Required work: Range to copy from the entries below: the line containing "- Начните с" through the line containing "Una figura gigante", inclusive. Retype only those lines, exactly, without any images.

Items from a data source:
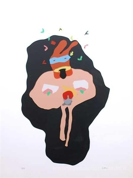 Ti offriamo una riproduzione artigianale su tela dell'opera famosa 'Ermafrodito' di Walter Battiss, dal Museo delle Riproduzioni.
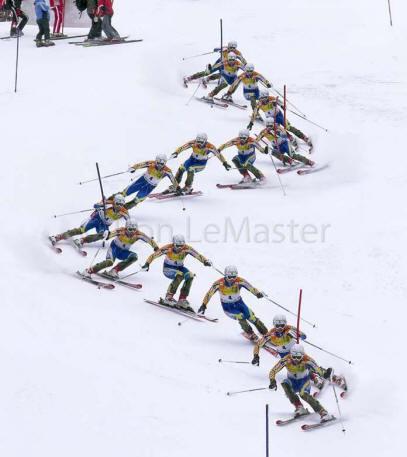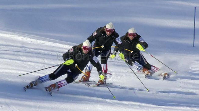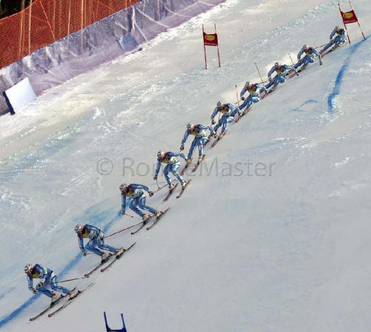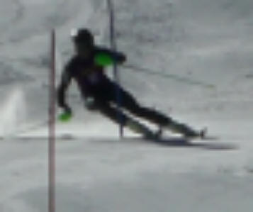 Above is a single skier making a turn. Starting from the top image (which is kind of blurred, so we'll call that 1-2) , the skier behind the pole is 3 and so on down to 7. What is the skier doing? In blurred image 1 and image 2 the skier is tipped forward and bracing with the straighter downhill leg, creating braking. This will impede entry into the next turn as well as tiring the downhill leg needlessly. In image 3 the skier (behind the pole) is still somewhat braced but has softened the downill leg a bit from the prior image; the ski's bases are still visible and the skis remain tilted on their uphill sides so the new turn has not started. The skier has not changed direction between image 1-2 and image 3. By image 4 the skier has started rising but is rising straight up instead of toward the inside of the new turn. Too, the downhill leg is still straighter than the uphill leg. The downhill ski's tail is in the snow and its tip is mainly out of the snow. Because of the direction the skier chose to rise, her "aim", the downhill ski has not yet been flattened to the snow but the uphill ski has been and the skis are in a V, no longer parallel. The skier is rotating the outside of the body around the inside, using the downhill ski tail to sort of anchor the turning as in a fulcrum. Thus the outside ski will run ahead in the turn at this point (see next image 5) whereas the inside ski should be ahead here. Still, she rotates not so much as most skiers do and ends up at image 6 in a fairly good stance for power. At image 5 the skier's skis have shot forward and the skier has either moved back or has been left behind in the turn. See the position of the thighs, pointing backward and with the hips well behind the boots. The downhill ski has now gone flat to the snow but the uphill ski is already edged slightly. The inside ski has turned a lot more than the outside ski between image 4 and this one; they should have turned much the same. At image 6 the skier has nicely angled the torso against the legs but not enough to keep the pressure on the two skis the same. If the inside leg were shortened, more pressure would go to the outside leg and ski. The leg shafts are fairly parallel but still the skis are farther apart at the boots than the legs are apart at the knees, causing the skis to head in diverging direction. At image 7 the skier has lost the angulation started in image 6 and is in sort of a bracking position to manage the forces developing at the end of the turn. Depending on those forces and her strength she might be better off having her shoulders tilted parallel to the slope instead of as they are. It's hard to tell if she has more weight on her heels here, depending on the turn's forces, but her outside ski has bent, tending her to turn uphill but perhaps more than she wants at this point. At image 8 (if there was one), the skier would hopefully have already started shortening the downhill leg to get into the new turn soon. Solution to create a gliding turn: Shorten the downhill leg at image 1 and 2 and then keep it short until image 7 when the new downhill leg will be shortened to start the next turn. Simple to say. Is skiing with efficient technique complicated? Not really. It's just hard to do. But then why did not the skier move in a way that would have been more effective? Prior to images 1 and 2 she had picked up speed having just been in a phase in the prior turn when she was pointed downhill, accelerating. Perhaps not wanting to carry that extra speed into the next turn, she braced to skid the skis and cause friction to slow her up, bracing with that stiff downhill leg that however kept her from entering the next turn cleanly and in a way she could have had the skis turn in a wider arc (which would have slowed her, too) than she got with her method. That wider arc likely would have kept her skis going at the same speed and not accelerating, smoothing out the forces on her and making them easier to manage. The root cause of this technique may therefore be apprehension, or fear. Such fear may have become implanted by getting onto slopes that gave too much acceleration to her turns prior to her learning the technique to better cope with acceleration and learn how to manage it. Compare the skier's hand and arm position with the ones of racers in the photos seen earlier on this page. Note how her hands are lower and not out to the side as much, thus compromising her ability to balance and also reducing tension on her core muscles she might otherwise have had, as the racers have done. But her stance overall puts her body in a position in which she could alter he movement patterns slightly and make her skiing more efficient. But her hands/arms positions are much better than that of most skiers. She is not a bad skier, as the terrain looks a bit challenging, doesn't it? But could she do better without too much time and effort? Likely. And if that pole in the picture is part of a race course she might win the race or win it better. "How many psychologists (or ski instructors) does it take
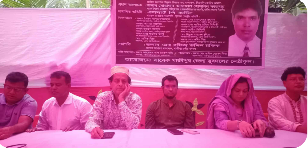 রবিবার (২ নভেম্বর) বিকেলে, মহানগরের স্টেশন রোড কায়সার গার্ডেনে এই অনুষ্ঠানের আয়োজন করা হয়। সাবেক পৌর যুবদলের সাধারণ সম্পাদক মোঃ রফিজ উদ্দিন রফিকের সভাপতিত্বে, প্রধান অতিথি হিসেবে বক্তব্য রাখেন, মহানগর বিএনপির সাবেক সহ সভাপতি মোহাম্মদ আফজাল হোসেন কায়সার। প্রধান আলোচক হিসেবে বক্তব্য রাখেন, গাজীপুর জেলা যুবদলের সাবেক সাধারণ সম্পাদক মোঃ মোখলেছুর রহমান। এ সময় বিশেষ অতিথি হিসেবে বক্তব্য রাখেন, এডভোকেট লাবিব উদ্দিন সিদ্দিকী, নওয়াব আলী ফাউন্ডেশন এর চেয়ারম্যান অনন্যা কায়সার, ২৫ নং ওয়ার্ড বিএনপি'র সিনিয়র সহ সভাপতি মোঃ বিল্লাল হোসেন ভূইয়া।অনুষ্ঠানটি সঞ্চালনা করেন, গাজীপুর জেলা যুবদলের সাবেক সদস্য মোঃ আরিফ হোসেন ভূইয়া, ২৪ নং ওয়ার্ড বিএনপি'র সহ-সাধারণ সম্পাদক মোঃ শওকত আলী। অন্যান্যদের মধ্যে এসময় উপস্থিত ছিলেন, জেলা ও মহানগর বিএনপি,যুবদল ও অন্যান্য সহযোগী সংগঠনের নেতৃবৃন্দ সহ এলাকার গণ্যমান্য ব্যক্তিবর্গ।
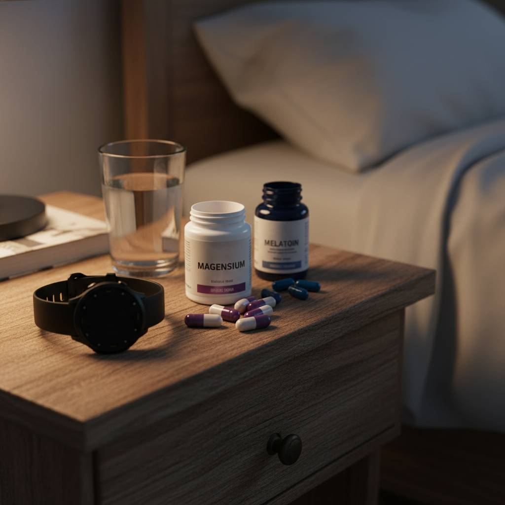- Начните с магния 200 мг вечером и мелатонина 0,5 мг при необходимости для адаптации.
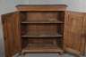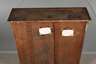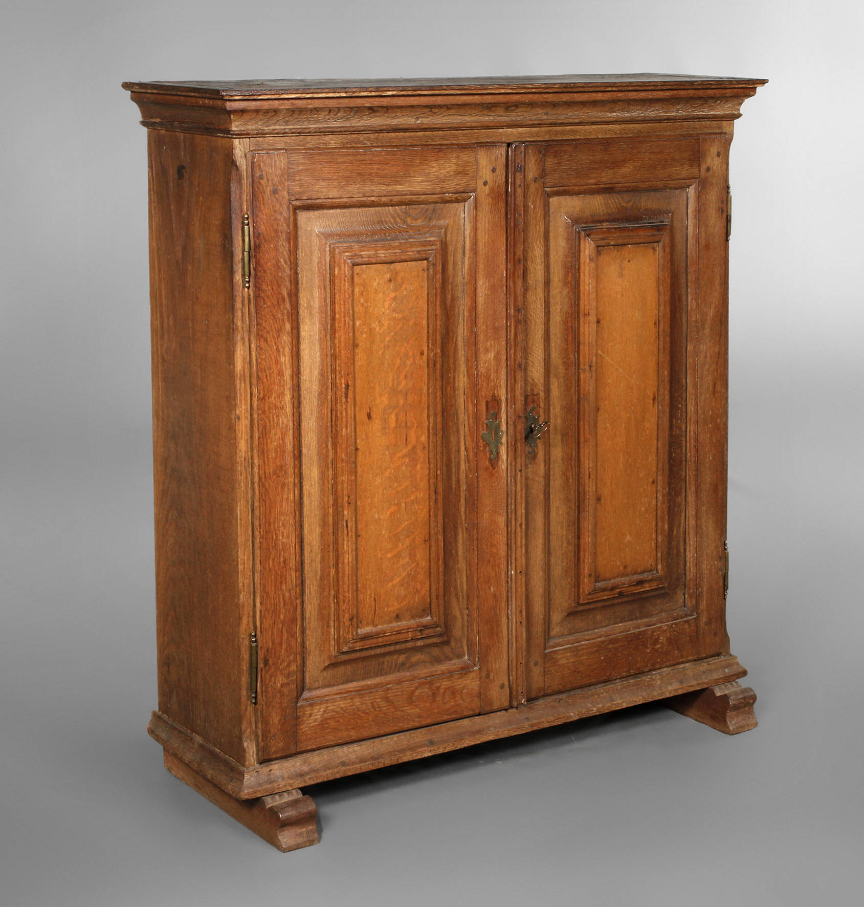 Mitte 18. Jh., Eiche massiv, flacher zweitüriger Unterschrank mit Kassettenfüllungen, Beschläge, Schloss und Schlüssel ergänzt, Oberfläche mit Altersspuren, Maße 108 x 103 x 31 cm.
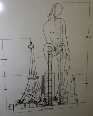 Una figura gigante de 23 metros hecha de vareta y representando a la figura del gremio de artistas falleros y reproducciones en la base de algunas de las fallas que se han plantado en la plaza del Ayuntamiento. Esta es la propuesta que el artista Manolo García para la falla municipal de 2016. Se ha dado a conocer este miércoles y es la única que se ha presentado al concurso convocado.
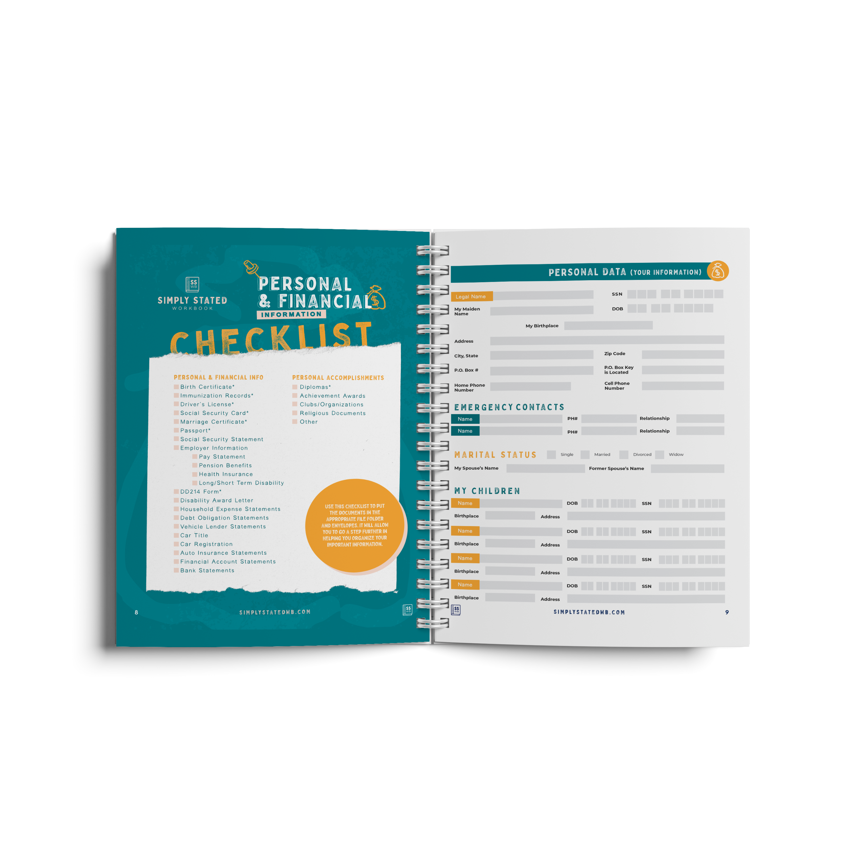 A workbook that organizes vital personal, financial, and medical details into one place, providing peace of mind for life’s unexpected moments.
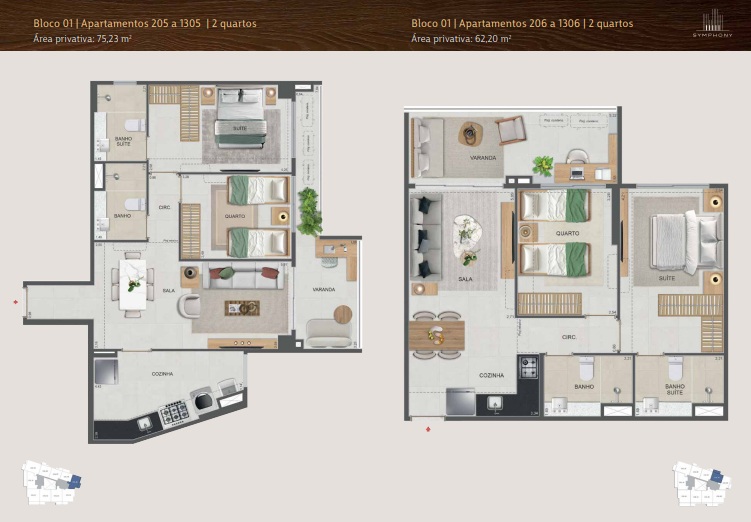 - Apartamentos de 2 quartos: 62,2 a 75,23 m²

Result:
- Начните с магния 200 мг вечером и мелатонина 0,5 мг при необходимости для адаптации.
 Mitte 18. Jh., Eiche massiv, flacher zweitüriger Unterschrank mit Kassettenfüllungen, Beschläge, Schloss und Schlüssel ergänzt, Oberfläche mit Altersspuren, Maße 108 x 103 x 31 cm.
 Una figura gigante de 23 metros hecha de vareta y representando a la figura del gremio de artistas falleros y reproducciones en la base de algunas de las fallas que se han plantado en la plaza del Ayuntamiento. Esta es la propuesta que el artista Manolo García para la falla municipal de 2016. Se ha dado a conocer este miércoles y es la única que se ha presentado al concurso convocado.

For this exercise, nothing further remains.